Poetry

Greasing the Plow

No wonder of it: shéer plód makes plough down sillion 
Shine, and blue-bleak embers, ah my dear, 
    Fall, gall themselves, and gash gold-vermilion. 
                   —Gerard Manley Hopkins, “The Windhover”

 Sillion is usually called the slice or furrow-slice, sometimes the 
   mould. . . . When freshly cut a plastic soil with a high clay con- 
   tent does take on a sheen and, from a distance, the whole field 
  may gleam for a while in low sunshine. 
                    —Farm Direct UK

 

My father rarely worshipped using words, though he never 
skipped church even when the harvest was late, and surely

not to plow. He taught mostly just by showing. He kept 
a bucket with grease and an old paintbrush to paint

the plowshares and rolling coulters so they wouldn’t rust 
over the winter, a good job after school for the boy

I was, in dirty coveralls and too-big yellow gloves. 
It was strangely pleasing to smear the heavy, smelly,

brown grease across the shiny steel, get it smooth and even, 
seal the polished curves and edges from the air.

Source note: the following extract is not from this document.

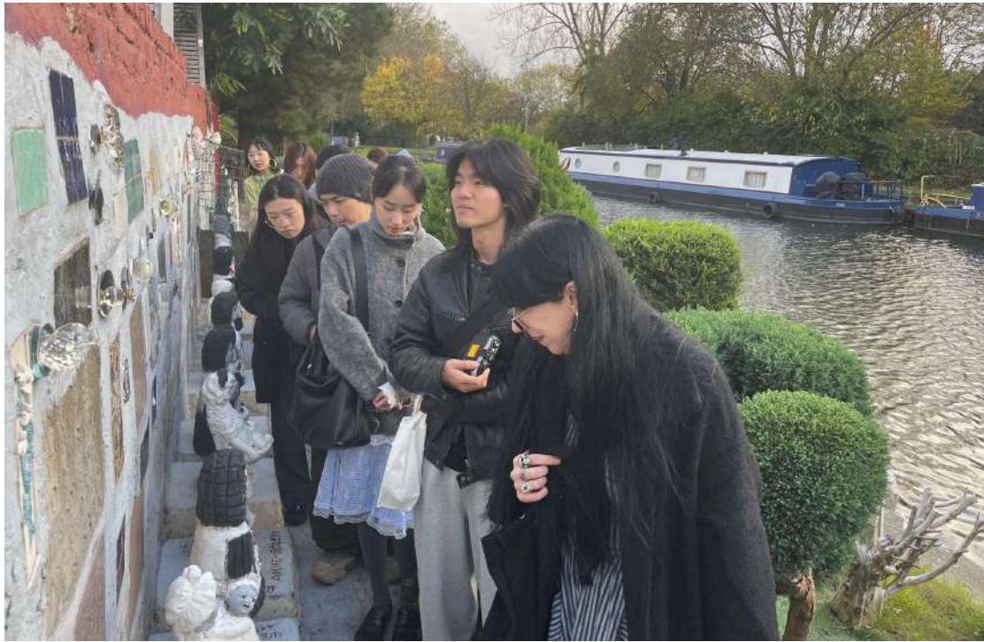
RCA, MA Sculpture students visiting Gerry's Pompeii

Next fall I would back the tractor to the plow, hitch up 
the lift arms, plug in the hydraulics, drive from shed

to field, drop the plow in the ground. The first earth 
scoured the shares clean and I opened the throttle wide,

blasted slowly down the field, hid away the cornstalks 
and bean stubble, turned up the black soil in flat thick slices,

saw it break and steam and shine in the blaze of fall sun.